November 17, 2017

Srikaanth Kumar

How to Choose a Right Term Insurance Plan For You


With so many insurance companies offering term plans, how should you choose a term plan for yourself?

Here are things to consider while choosing the best term plan:

When it comes to life insurance, Term Plans are best suited for most due to their high sum assured and low premiums. A lot of individuals can get a significant amount of sum assured by paying much lower and affordable annual premium compared to other traditional insurance plans. However there are so many companies offering term plans with some really good features that make choosing the right one among the others, vital.

1. Assess the right sum assured for you:

How to Choose a Right Term Insurance Plan For YouBefore you even begin looking out for companies offering the best term plans, you should yourself assess the amount of Insurance you need, considering the facts such as inflation and other expenses that may rise in the future, and how would your family cope with those in your absence. Generally it is advisable to go for a sum assured of 12-15 times your annual income. This would pretty much provide for inflation and other factors. However your requirement can vary, but at least have 12 times your annual income as cover.

2. Claim Settlement Ratio:

The better the claim settlement ratio the better chances you have of getting your money from the insurance company when you make the claim. There will be companies offering attractive policy terms and features, but always check their claim settlement ratio. Since when the need arises, those fancy features won’t matter, all that matters is the money promised to you as sum assured. Go for a company with claim settlement ratio as high as close to 90% at least.

3. Option to step-up or step-down insurance cover:

Though this is not the most important point, but it is significant none the less. Some companies have the option to step-up your sum assured over the years depending on situation in your life, like marriage, child birth etc. It is a good option to have if you feel your needs will increase in the future and the current sum-assured will be less. However, this feature is not a deal breaker, since in case your policy doesn’t have this feature; you can still opt for an add-on term plan for the extra sum assured.

Step-down in sum assured is needed when you have a windfall or your income rises beyond what you had estimated and are able to make sufficient financial arrangements for your loved ones even without depending on insurance. In such cases you can exercise the option of stepping down the sum assured.

4. Disclose your medical conditions if any and always insist on a medical check-up by the insurance company:

If you are a smoker, consume alcohol etc, be frank, and inform this while taking your policy. Your premium may rise slightly, but that will not pinch you so much, as when the claim will be rejected just because you failed to disclose these facts. Also if you have any medical condition, mention that before taking the policy. Also always, insist on a medical test be carried out at the insurance company’s designated medical centres, so that any medical condition is automatically disclosed to the insurance company and they do not have anything against paying your nominee the sum assured if and when the claim arises.

5. The company’s financial condition:

Just like the claim settlement ratio, it is also important to go for a company with sound financial condition simply because when claims are made, they should be in a position to payout promptly and last the tenure of your insurance policy. If the company is not financially sound, they may face problems surviving for a long term and your policies may be in trouble due to their financial imbalance.

6. Don’t buy merely due to Low Premiums:

Never go for a term plan just because their premiums are lower. A few thousands extra in a year will not harm you so much, as will a bad claim settlement ratio at the time of making the claim. Always keep the other points in mind and never buy insurance by merely comparing the premiums.

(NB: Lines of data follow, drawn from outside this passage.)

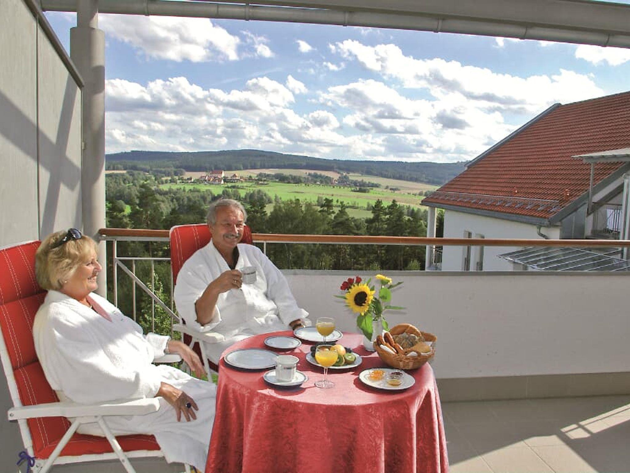 Die traumhaft schöne Südhanglage mit Ausblick über die Berge des Oberpfälzer Waldes garantiert Ihnen einen hohen Erholungswert und damit verbunden einen lang anhaltenden Kurerfolg. Sie wohnen direkt neben dem Kurmittelhaus Sibyllenbad und können durch den Bademantelgang in die einzigartige Wohlfühloase im Herzen Europas eintauchen. Genießen Sie unser bestes Rezept für Ihre Gesundheit - unsere wunderbare Landschaft und viel frische Luft im Oberpfälzer Wald.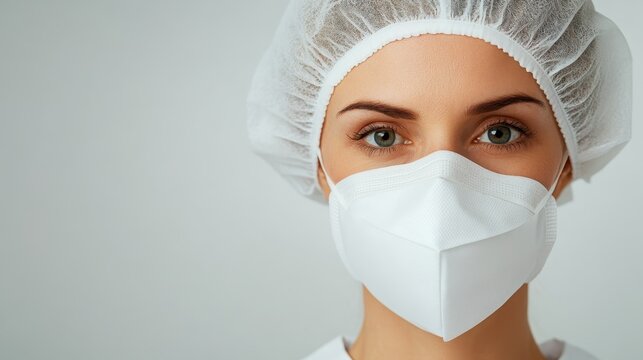 Focused woman in protective gear showcases dedication in a medical setting, emphasizing safety and professionalism in healthcare.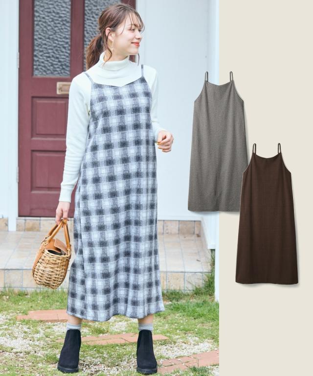 ワンピース ロング マキシ レディース カットソー ジャガード後ギャザーキャミ 冬 ひざ下 | 4L/5L/6L | ニッセン nissen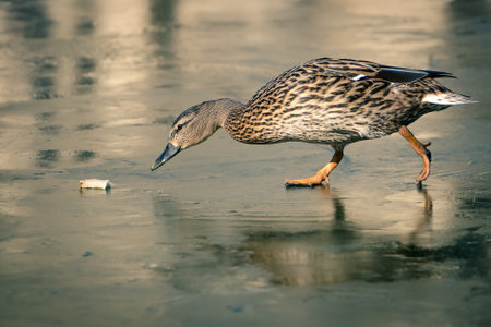 Mallard duck walks gracefully across a frozen lake during winter in a serene landscape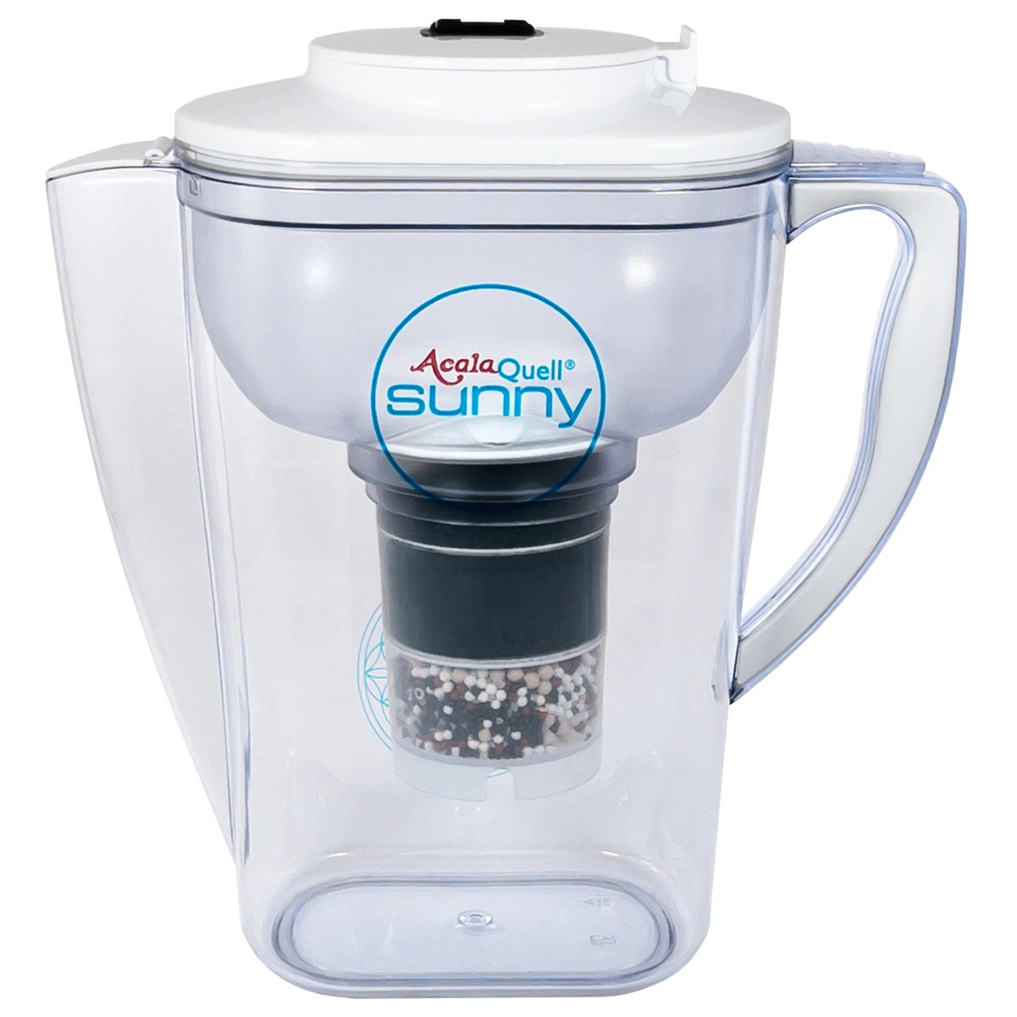 Sie erhalten: 1x AcalaQuell Sunny Kannenfilter inkl. 1x Mikroschwamm und 1x Filterkartusche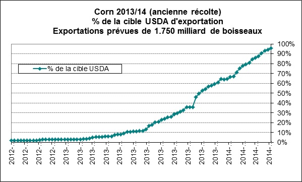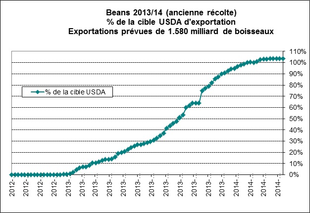 Il y a eu peu de variations dans le prix de maïs et du soya aujourd’hui en dépit des données sur les ventes à l’exportation. Dans le maïs, la demande extérieure était assez bonne la semaine dernière avec des ventes atteignant le hauts des estimés, avec 1 million de tonnes vendues. Sur cette quantité, 619,000 tonnes étaient pour l’ancienne récolte amenant le cumulatif à 43.1millions de tonnes, tout près de l’objectif de l’USDA pour la récolte 2013/14. À ce rythme, nous devrions surpasser les projections d’ici quelques semaines puisque nous sommes déjà à 97% des estimés de l’USDA (graphique 1). Par contre, on a déjà dépassé l’objectif dans le soya à 103.7% des 43 millions de tonnes prévues pour satisfaire la demande d’outremers, mais la cadence a grandement ralentit puisqu’on totalise seulement 177,000 tonnes en combinant les 5 dernières semaines (graphique 2). Finalement dans le blé, les ventes suivent les estimés avec 610,800 tonnes vendues dont 55% était pour l’ancienne récolte.
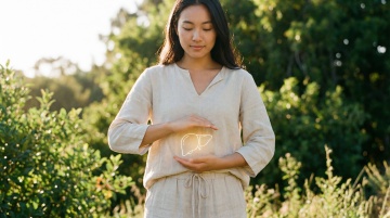 清新自然的实景画面,融合轻拟物风与白描线条,展现女性温柔守护肝部轮廓,传递健康呼吸的舒适感与简约主义美学。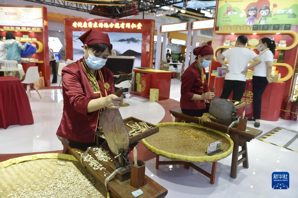 9月1日,在2022年服貿會(huì )首鋼園區,工作人員演示中藥材加工技藝。新華社記者 魯鵬 攝
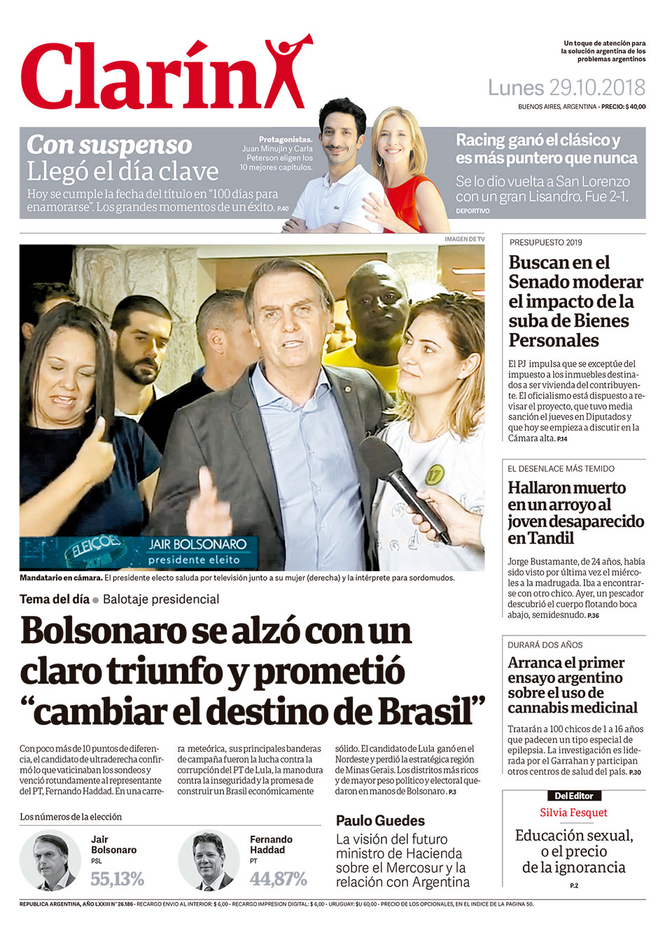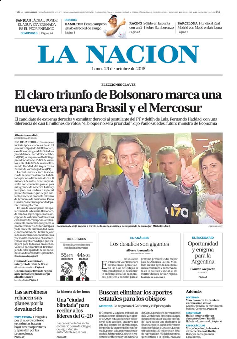 Por su parte, Clarín postuló que “Bolsonaro se alzó con un claro triunfo y prometió ‘cambiar el destino de Brasil’”, mientras que en la bajada explicó que “en una carrera meteórica, sus principales banderas de campaña fueron la lucha contra la corrupción del PT de Lula, la mano dura contra la inseguridad y la promesa de construir un Brasil económicamente sólido”.
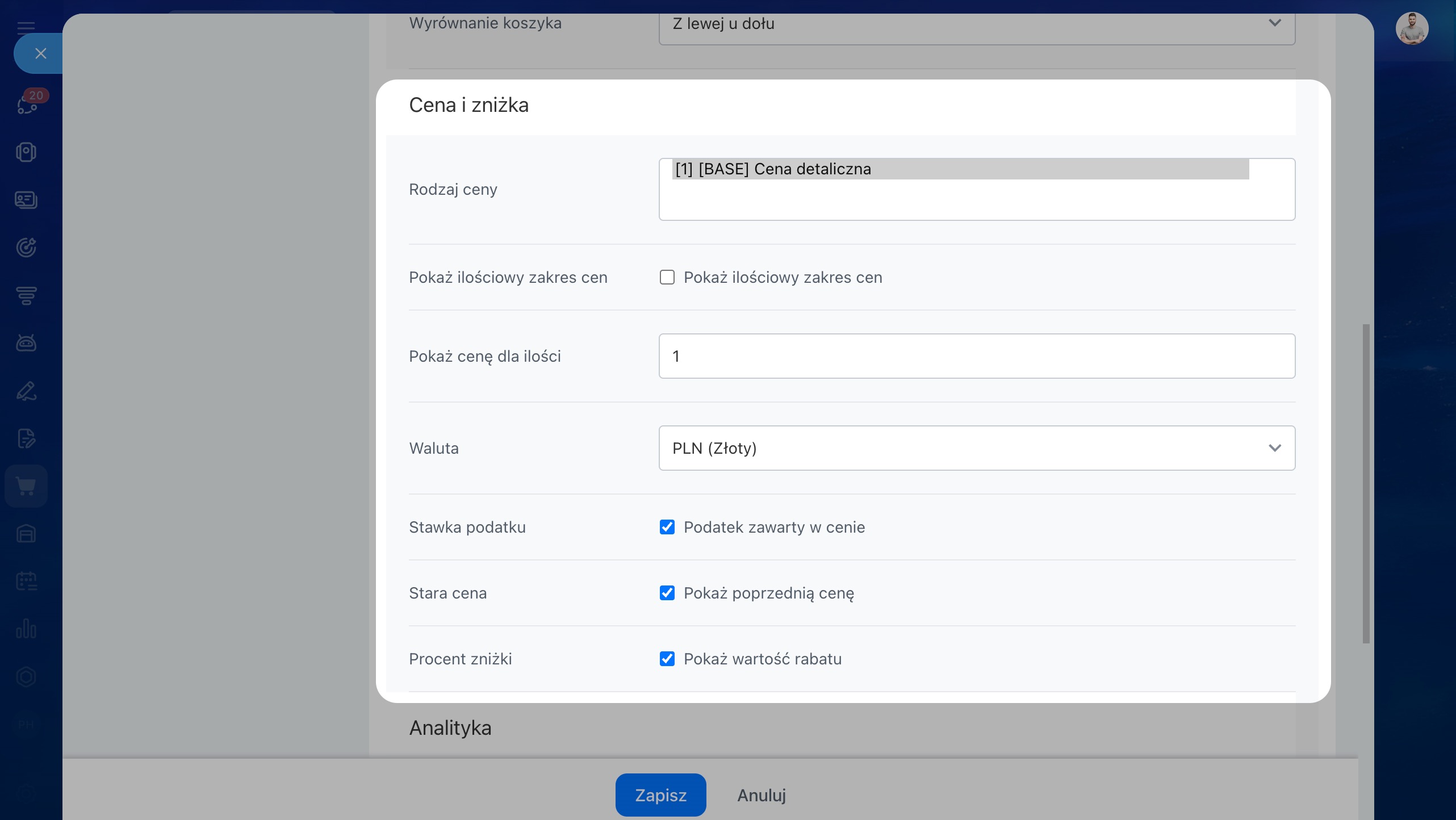 Cena i rabaty. W tym bloku można skonfigurować, w jaki sposób ceny będą wyświetlane klientom.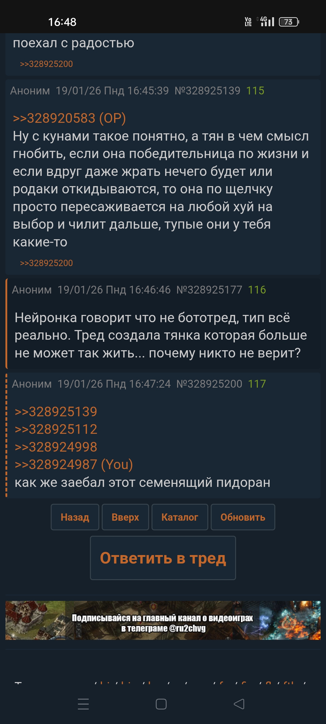 >>328924695 >>328925112 Просто ситуация её вполне устраивающая, вот и выёбывается. А как прижмёт... Знавал тнусов с ещё тех двощей, у которых дома была обстановка буквально как в сериале sosеди. С одной стороны с ними прикольно было общаться, очень много схожих интересов, особенно весело ловить корки с хтонического всж фона в скупике\дисике. Но ты прям чувствуешь, как она как бы в невзначай навязывается и прощупывает, уже записывая тебя в ёбыря-спасателя, и ОЧЁ проявляет инициативу к ирл. Я вот грил, что я сыч и живу с родаками. Но от них постоянно слышал прощупывание, мол, а как сидишь 24\7, а почему на РАБотку не гонят, а почему тихо всегда?! Но мне приколы в виде выпердыша из всж семейки тут не нужны, поэтому я морозился. А они, видимо пынямая всю тщётность своих попыток - потихоньку сливались переключаясь на кого-то другого.Вполне успешно, кстати.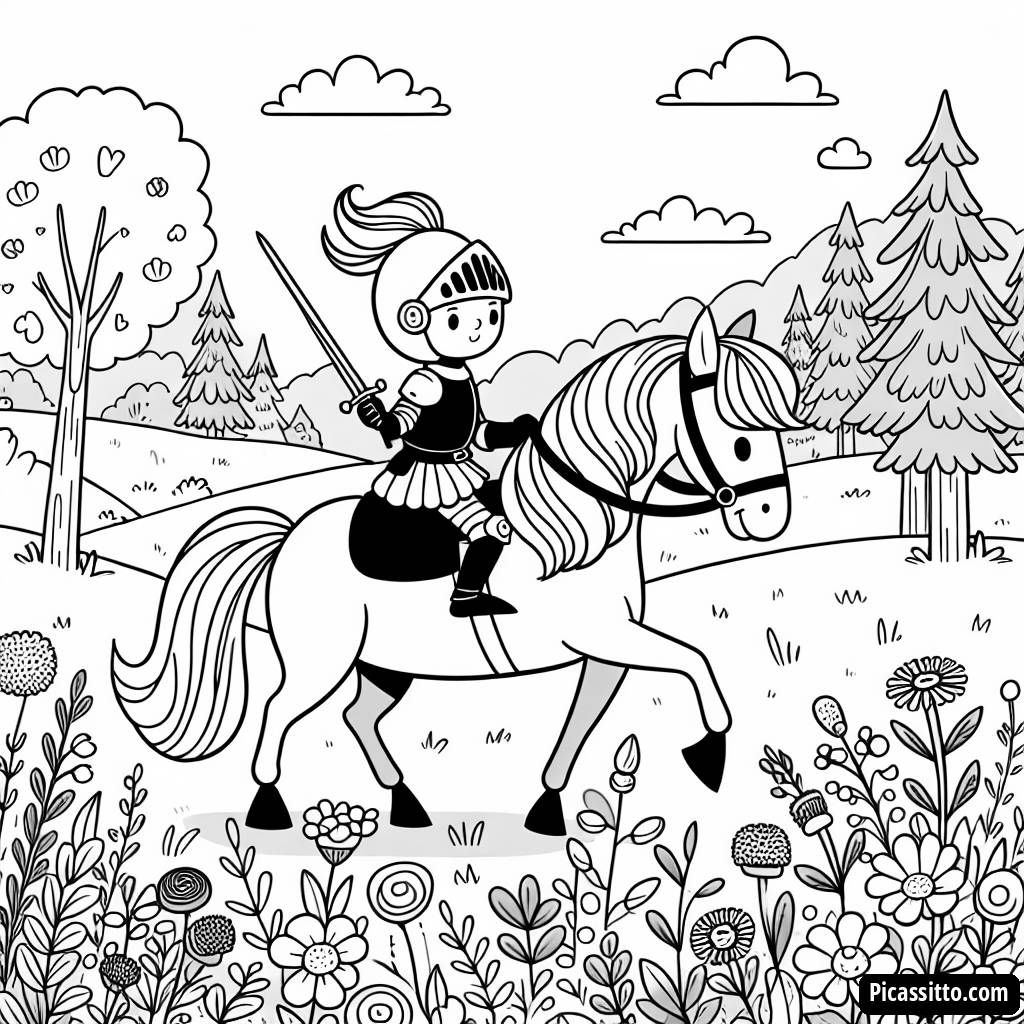 Laden Sie dieses kostenlose und druckbare Ausmalbild eines mutigen Ritters, der auf einem Pferd durch eine wunderschöne Wiese mit Wildblumen reitet, herunter. Ideal für junge Künstler, die Märchen lieben!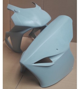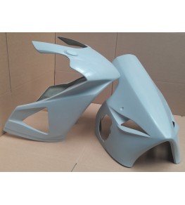 Carénage en 2 parties, tête de fourche avec flancs + sabot moteur fermé dessous pour la compétition, sans découpe de phare mais repéré, en fibres de polyester. Livré brut de gel coat à peindre, renforcée aux points de fixation en roving, points de fixation repérés mais non percés.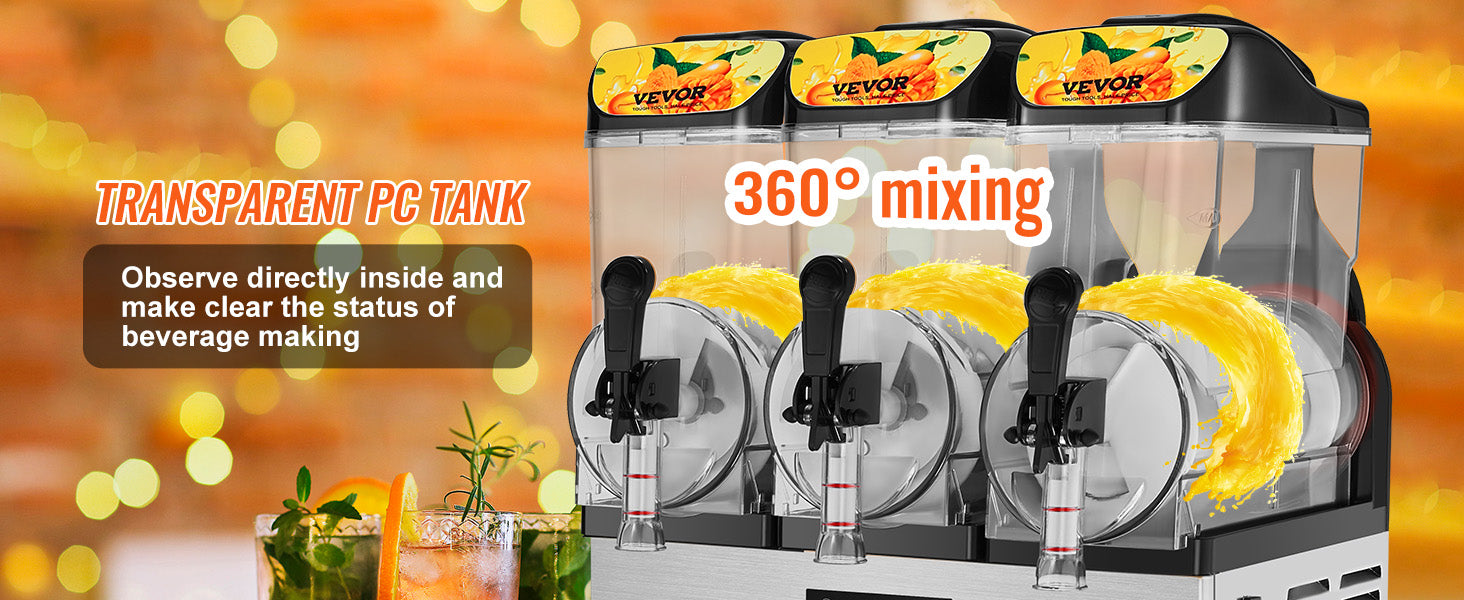 - 3 x 12L Slushie Machine: Double-bowl slushy machine, 12L (3.2 Gal) in capacity. Our commercial slushy machine can make 150 cups of slushy (250ml per cup) within one hour, catering for a large number of people at the same time. Moreover, slush or alcohol drinks can work separately and let you enjoy a refreshing drink anytime.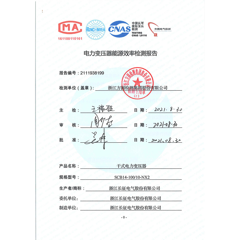 SCB14-100/10-NX2干式電力變壓器 檢測報告

7. Company’s terms and conditions and exceptions:

Go through the company’s terms and conditions, especially the scenarios when your claim will be rejected and see if all those match your requirements. Some companies have certain specific exceptions while some cover for those. By and large the common exceptions or exclusion are pretty much the same across all insurance providers, but there are minor changes here and there and before you choose a term plan, it is better to go through those.

8. Maximum and Minimum Term of coverage offered:

You do not need a term plan covering you beyond earning years and hence it is vital to check the minimum and maximum tenure of the policy. If you are 30 you may need a term plan for the next 30-35 years and not beyond that. Also you do not want the term plan to end just a few years before your retirement, since if you were to renew it at that point, the premiums will be higher. So assuming you are 25 while taking the policy, you will need at least another 35 years of coverage and not 30. So choose a plan accordingly.

By keeping in mind the above points, you will be able to choose the right kind and best term plan for yourself and your loved ones. If you have dependants then it is best advised to get a term plan without further delay.